The BIOS portion of CPM is responsible for the control of the computer system's hardware. The BIOS is written by the CPM system vendor to support any custom hardware the system may have. Once a vendor has created a custom BIOS for there system they use the MOVCPM.COM program to adjust the CPU jump addresses in the CPM CPP/BDOS binary image supplied by Digital Research to reflect the new CPM start address in memory. The BIOS is normally loaded at the highest possible memory address (max 64K). The BDOS is loaded on top of the BIOS, and the CPP loads on top of the BDOS.
The start of the BIOS code contains a table of sixteen 8080 jump instructions. Each of the jump instructions will execute one of sixteen possible CMP2.2 BIOS functions. The first jump instruction in the BIOS entry table executes the WBOOT function. Address zero in memory contains an 8080 jump instruction to the table entry for the WBOOT BIOS entry table. As all 8080 jump instructions are three bytes long we can calculate the address of any of the sixteen BIOS functions jump table entries. Memory address zero contains a jump instruction to the WBOOT function BIOS entry table address. The second and third bytes of this jump instruction (memory address one and two) contain the start address of the BIOS jump table. To calculate the start address of any BIOS function multiply the BIOS function index number by three and add the WBOOT function entry table memory address read from bytes one and two in memory. Once the BIOS function's memory address is calculated you execute the function using an 8080 CALL instruction. BIOS function parameters are passed and returned in the 8080 registers. The 8080 registers used depend on the BIOS function called.
The developers of the CPM operating system intended the BIOS functions to be used by the BDOS portion of the CPM code only. The reason for the address of the WBOOT jump table entry at address one is to allow a program to warm boot after it executes by jumping to address zero. Digital Research's CPM2.2 documentation indicated that program developers should only use the BDOS functions and not directly access the BIOS functions. The developers of CPM wanted all programs to use the BDOS functions to the point that even the WBOOT BIOS function can be executed by calling the BDOS service request zero. For many reasons programmers would often use the BIOS functions in there programs. One needs to take care when a program uses the BIOS functions directly and not allow the state of the computer system and the BDOS portion of CPM to get out of sync. While it is generally safe to use the BIOS serial oriented functions a program must be very careful when using the BIOS disk functions directly.
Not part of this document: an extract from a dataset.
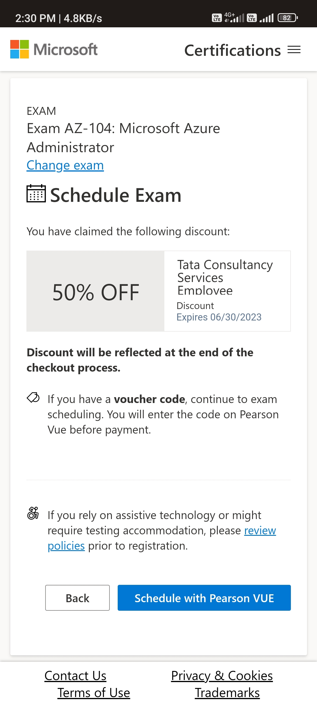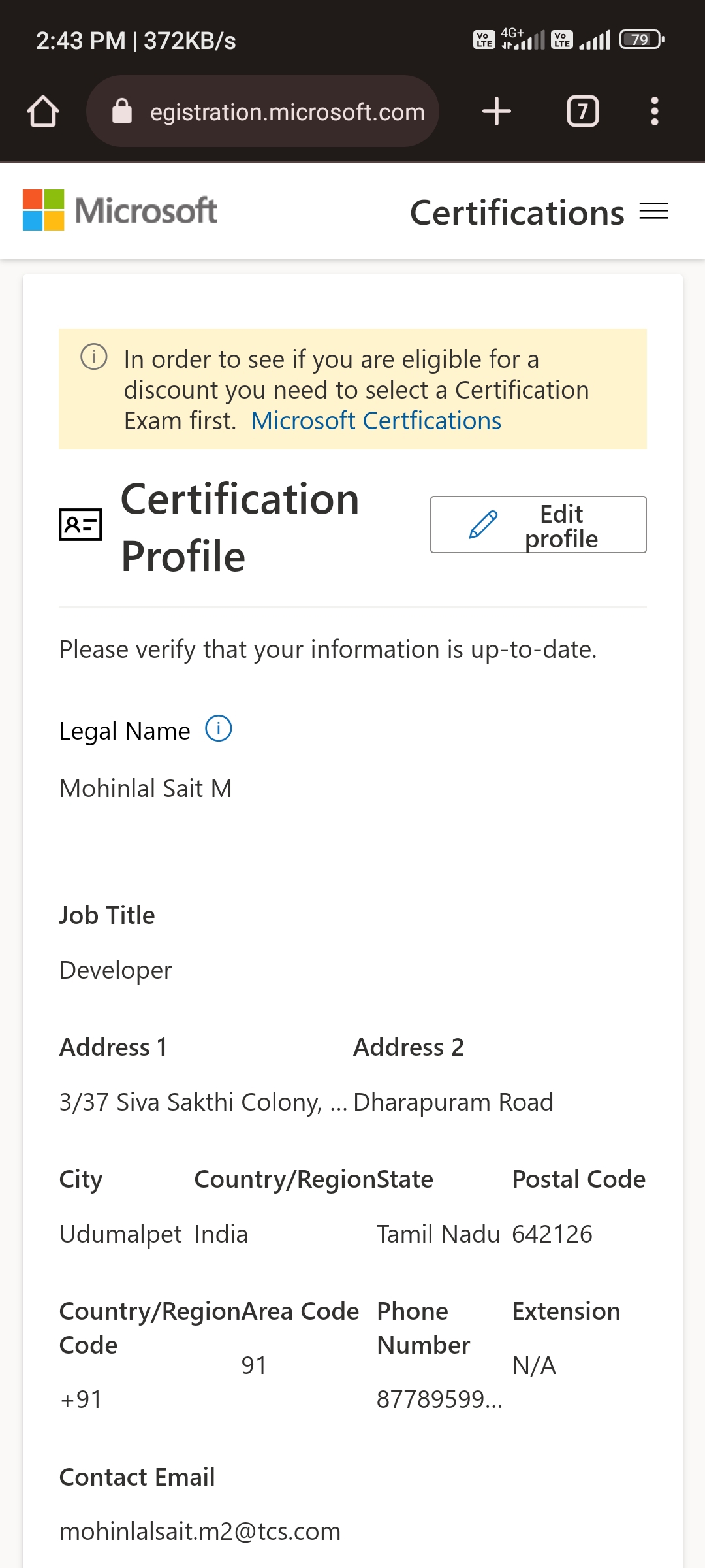 Please ask your question in the Microsoft Certification forum using link below. There are support moderators over there that will respond to your question in 1 business day and can assist with fixing the issue that is blocking you from registering for your exam:

Other then the WBOOT BIOS function the remaining CPM2.2 BIOS functions fall into one of two types; serial functions, and disk functions.
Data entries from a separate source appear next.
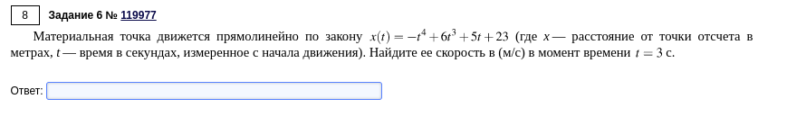 Решается данная задача на самом деле элементарно. Достаточно лишь знать одно из правил кинематики, что если взять производную у зависимости S(t) (в нашем случае это x(t)), то мы с вами получим новую зависимость скорости от времени v(t). Значит, наша задача - найти производную данной функции и найти значение производной в точке t = 3. Приступим к выполнению задания!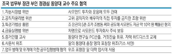 법조계에 따르면 조 씨와 최 씨가 동시 기소될 가능성이 높은데 정 교수의 혐의도 이들 공소장에 적시될 확률이 상당한 것으로 알려졌다. 현재 검찰과 소환 일정을 조율 중인 정 교수에게 적용될 혐의는 최소 5개 이상이다. 우선 정 교수는 조 장관 일가가 출자한 코링크를 둘러싼 의혹에 대해 집중적으로 조사받을 예정이다.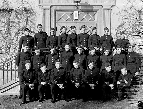 Grupporträtt av elever vid korpralskolan på F 2, 1944. Flygplansmekaniker vid trappa.

The serial oriented BIOS functions transfer one ASCII character at a time to or from hardware devices and/or provide simple status about the devices. Under CPM2.2 there are four logical serial devices; console (CON), List (LST), Punch (PUN), and Reader (RDR). Each of the four logical serial devices can be mapped to any of four possible hardware devices. Each logical serial device has its own list of four physical devices. For a description of the logical to physical serial oriented device mappings see the information on the STAT Utility page. The BIOS has support for the reading, writing and providing status for the four logical serial devices. The BIOS serial oriented support functions and the WBOOT function are documented on the BIOS Serial Devices page.
The disk oriented BIOS functions are used to control any one of a possible sixteen disk drives. The BIOS disk support functions are used to transfer logical blocks of one hundred and twenty eight (128) bytes to a disk drive device. Only one disk drive can be selected at a time and all subsequent disk functions assume the last selected disk drive device. The BIOS block oriented support functions are documented on the BIOS Disk Devices page.